A city official has informed the embattled residents of the Boeung Kak lakeside that they may not be evicted this week despite having received letters last week instructing them to accept compensation offers and vacate their homes.
Roughly 500 residents gathered on Friday to protest in front of the Phnom Penh headquarters of Shukaku Inc, the firm owned by ruling party senator Lao Meng Khin that is in the process of filling in the lake and developing the site as a real estate project. Rights groups say more than 4,000 families will ultimately be displaced by the project, including roughly 2,000 who have yet to leave their homes.
Last week, lakeside residents received letters dated March 2 and signed by Daun Penh district governor Sok Sambath advising them that local authorities would “take strict measures and actions to push the villagers to leave the Boeung Kak area” if they did not voluntarily vacate their homes within seven days.
Daun Penh deputy governor Sok Penhvuth told the residents who gathered on Friday that they “must volunteer to dismantle [their] homes”, though he said this week’s deadline could be pushed back.
“Do not worry, we will not evict,” he said. “The letter just informed all of you to immediately cooperate with [local authorities] to speed up the Boeung Kak development.”

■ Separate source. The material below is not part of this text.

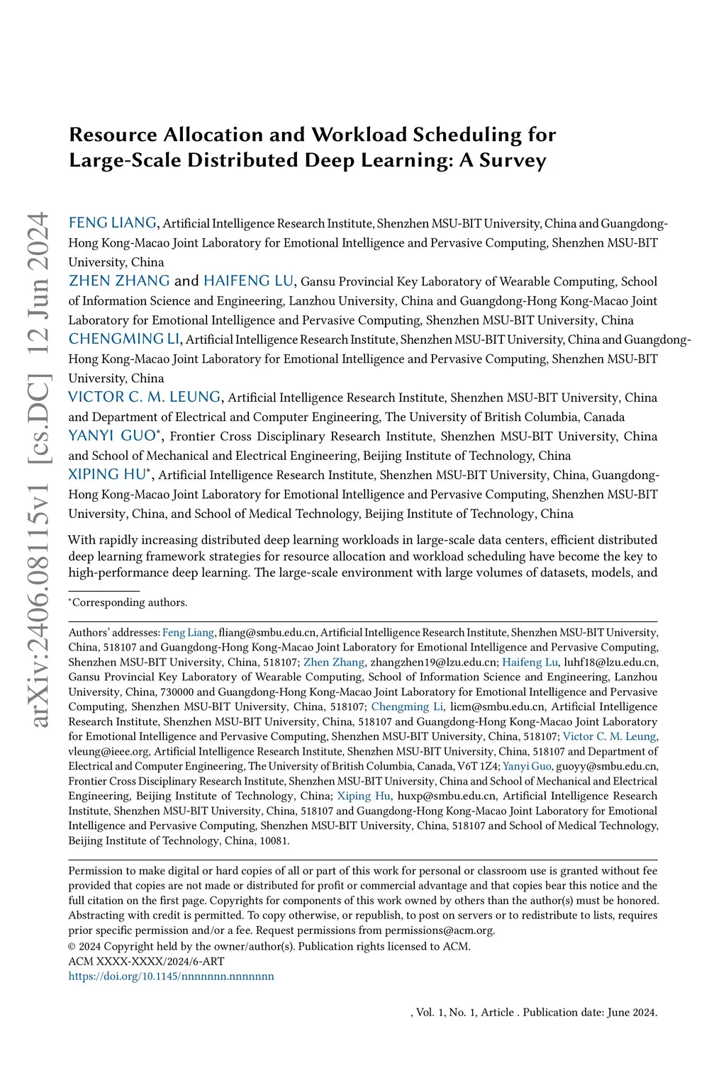 With rapidly increasing distributed deep learning workloads in large-scale data centers, efficient distributed deep learning framework strategies for resource allocation and workload scheduling have become the key to high-performance deep learning. The large-scale environment with large volumes of datasets, models, and computational and communication resources raises various unique challenges for resource allocation and workload scheduling in distributed deep learning, such as scheduling complexity, resource and workload heterogeneity, and fault tolerance. To uncover these challenges and corresponding solutions, this survey reviews the literature, mainly from 2019 to 2024, on efficient resource allocation and workload scheduling strategies for large-scale distributed DL. We explore these strategies by focusing on various resource types, scheduling granularity levels, and performance goals during distributed training and inference processes. We highlight critical challenges for each topic and discuss key insights of existing technologies. To illustrate practical large-scale resource allocation and workload scheduling in real distributed deep learning scenarios, we use a case study of training large language models. This survey aims to encourage computer science, artificial intelligence, and communications researchers to understand recent advances and explore future research directions for efficient framework strategies for large-scale distributed deep learning.

Dozens of families have been evicted from the lakeside in piecemeal fashion since Shukaku received its land concession in 2007, though last week’s notice represented the first time that all lakeside residents had been targeted collectively.
Rights groups say as many as 10,000 people could be forced from their homes if the threatened eviction comes to pass, making it potentially the largest single forced relocation in the Kingdom’s recent history.
Residents have denounced as insufficient the three options for compensation with which they have been presented: US$8,500 cash, housing in Dangkor district and two million riel ($495), or on-site relocation, the plans for which have yet to materialise.
At Friday’s rally, villagers demanded that 15 hectares of the 133-hectare project be set aside for their own use.
“Why can’t the government give just 15 hectares to the residents?” community representative Tep Vanny said.
“They want to develop the country from poverty to prosperity, so we only ask for 15 hectares.”
Sok Penhvuth was noncommittal regarding the residents’ demand for resettlement land, saying that he would report the request to Phnom Penh governor Kep Chuktema.
“After this, we will have more discussion,” he said.
“I will make a report about your request to the Phnom Penh governor because district officials do not have the right to make a decision.”
Shukaku has partnered with a Chinese firm, Inner Mongolia Erdos Hung Jun Investment Co, to develop the controversial project as a joint venture.